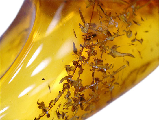 琥珀は「タイムカプセル化石」といわれるように、当時の森の様子を内包しています。透明度の高い本標本のような琥珀では、中が透き通って見えるので中に包まれた虫や植物片などが容易に見つけることができます。
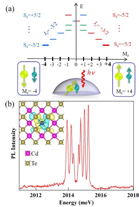 Figure 1: (a) Energy levels of the nanomagnet formed by the ferromagnetic coupling of the S=5/2 spin of Cr+ and the Jz=±3/2 spin of a heavy hole in a CdTe/ZnTe QD. (b) PL of a QD containing a hole-Cr+ nanomagnet. Circularly polarized excitation on the high-energy line allows the fundamental states Mz=+4 or Mz=-4 to be addressed. The inset shows a calculation of a Cr+ d orbital revealing hybridization with the Te orbitals. This hybridization is responsible for the exchange interaction with the hole spin.
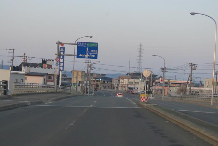 とん田通り、無加川橋を渡り錦町の南岸通り交差点
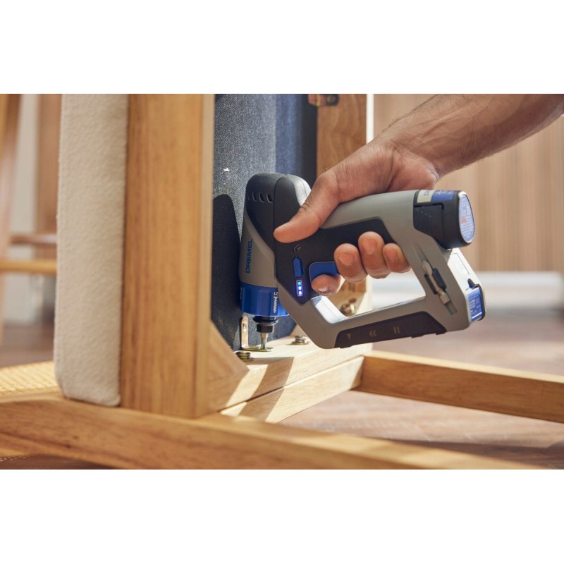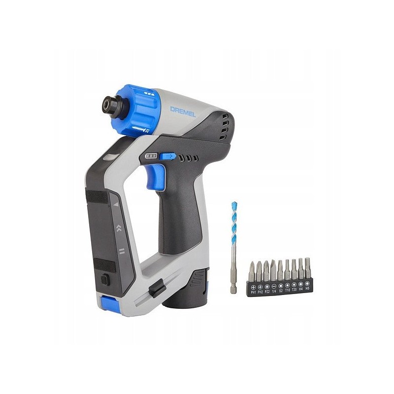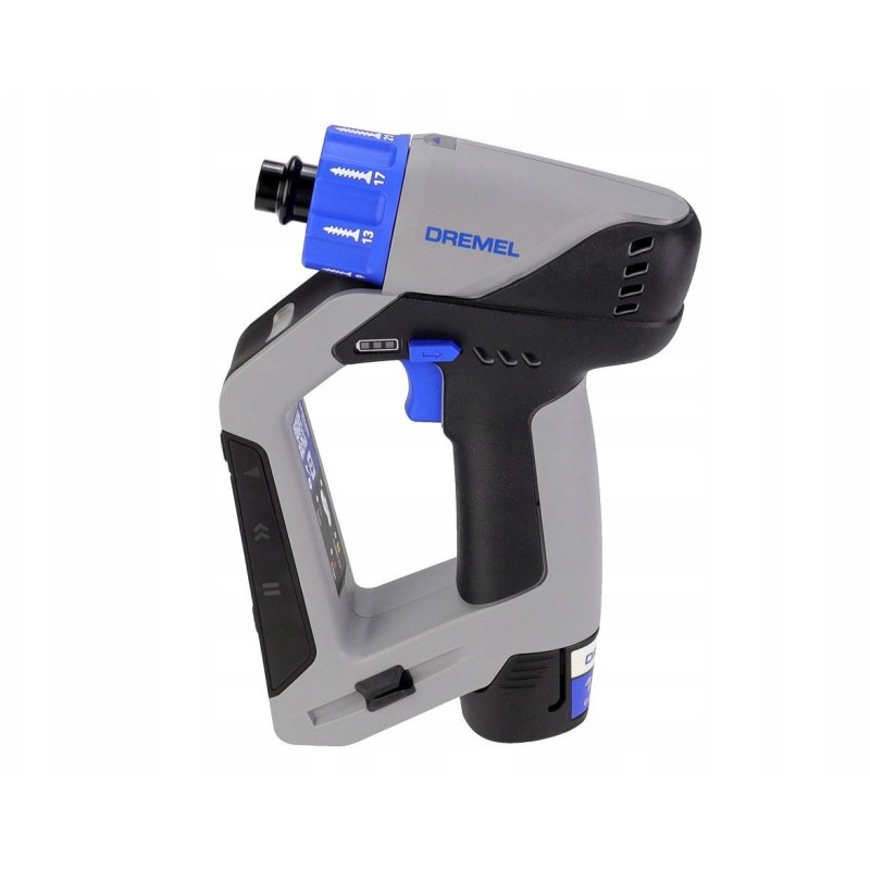 Ausgestattet mit einem bürstenlosen Gleichstrommotor bietet der Dremel-Schrauber hervorragende Leistung und Zuverlässigkeit. Der Lithium-Ionen-Akku mit einer Kapazität von 2,0 Ah garantiert lang anhaltenden Betrieb ohne Memory-Effekt, was dieses Werkzeug äußerst praktisch macht.
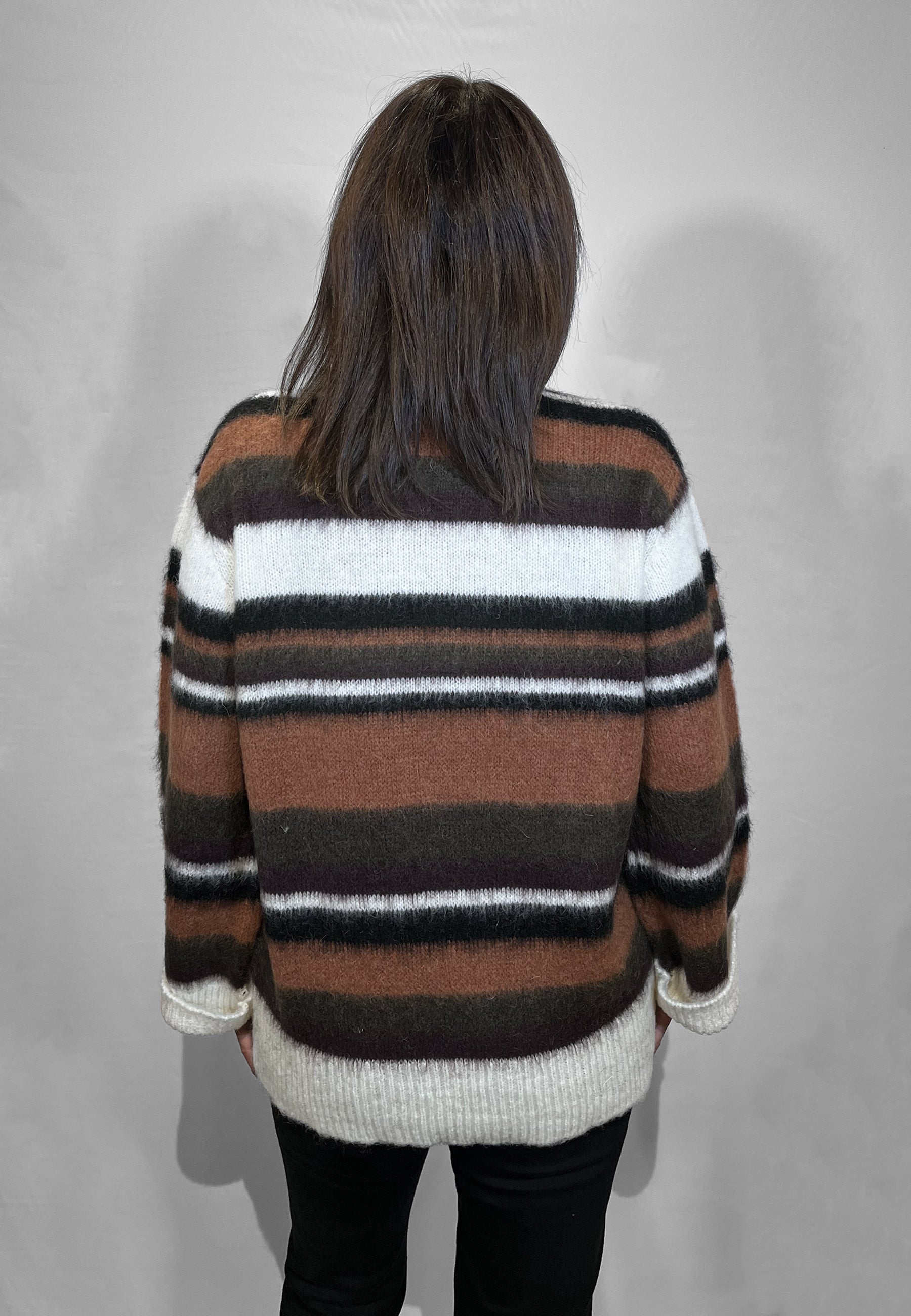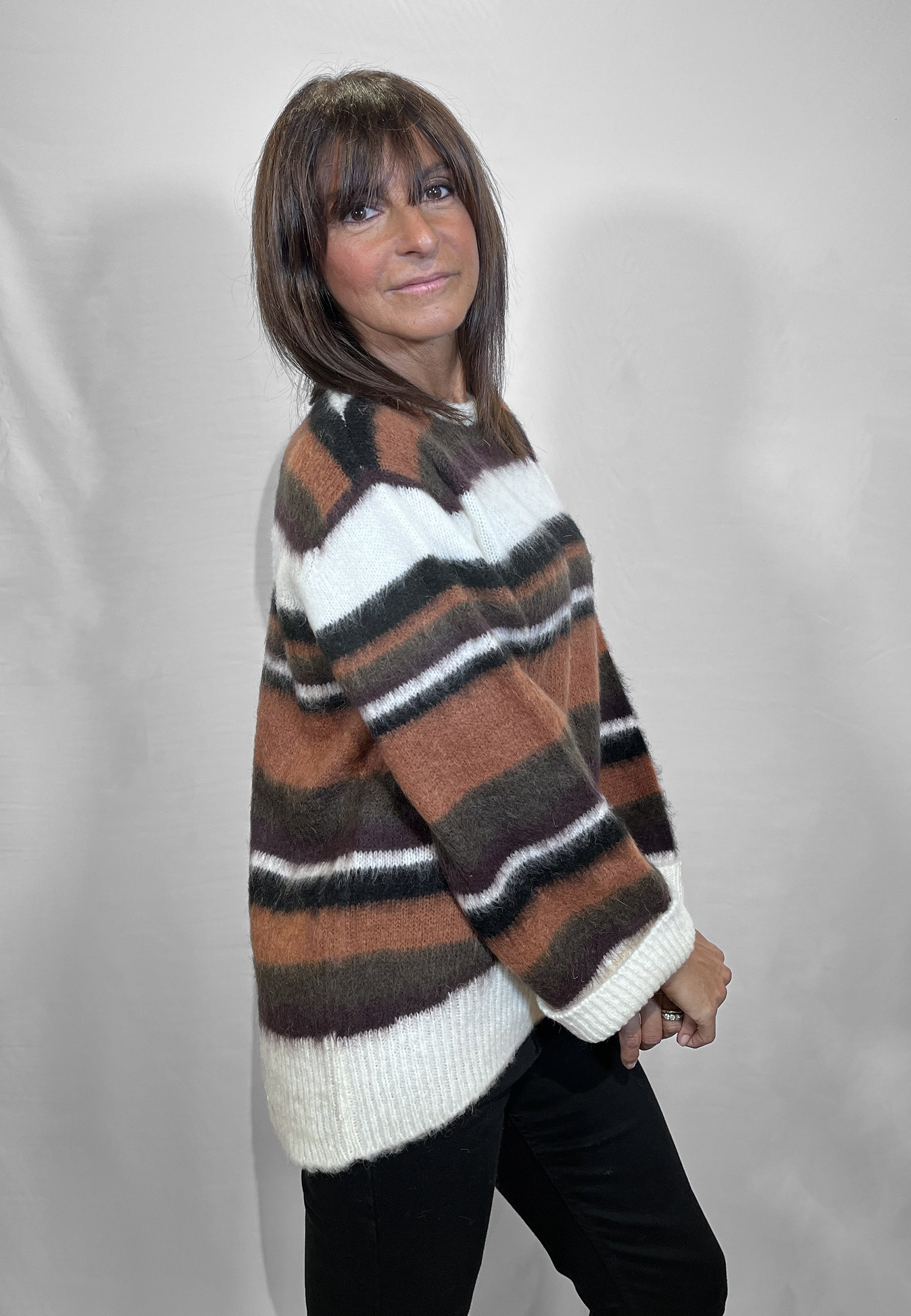 VICOLO Maglia Donna Morbida Mohair Rigata Calda Invernale ART. 55142F
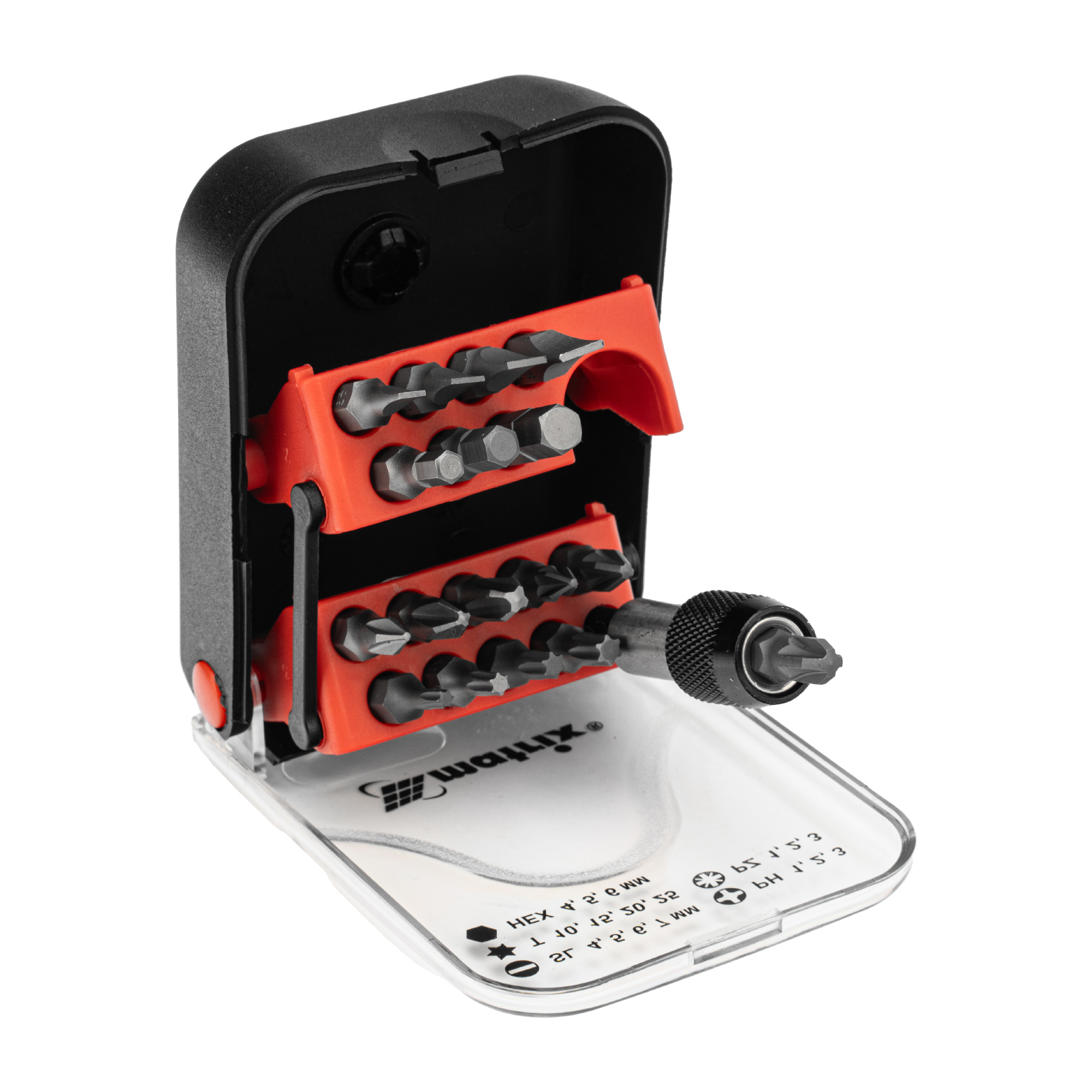 Пластиковый кейс - 1 штБиты: PH1, PH2, PH3, PZ1, PZ2, PZ3, SL4, SL5, SL6, SL7, T10, T15, T20, T25, H4, H5, H6 - 17 штБитодержатель с быстрозажимным механизмом - 1 штДержатель бит - 1 шт |

§ **EXERCISE DIRECTIONS**
In the data above, the line containing "VICOLO Maglia Donna" and all lines after it are to be reproduced exactly, leaving out the pictures.

§ **RESPONSE AREA**
 VICOLO Maglia Donna Morbida Mohair Rigata Calda Invernale ART. 55142F
 Пластиковый кейс - 1 штБиты: PH1, PH2, PH3, PZ1, PZ2, PZ3, SL4, SL5, SL6, SL7, T10, T15, T20, T25, H4, H5, H6 - 17 штБитодержатель с быстрозажимным механизмом - 1 штДержатель бит - 1 шт |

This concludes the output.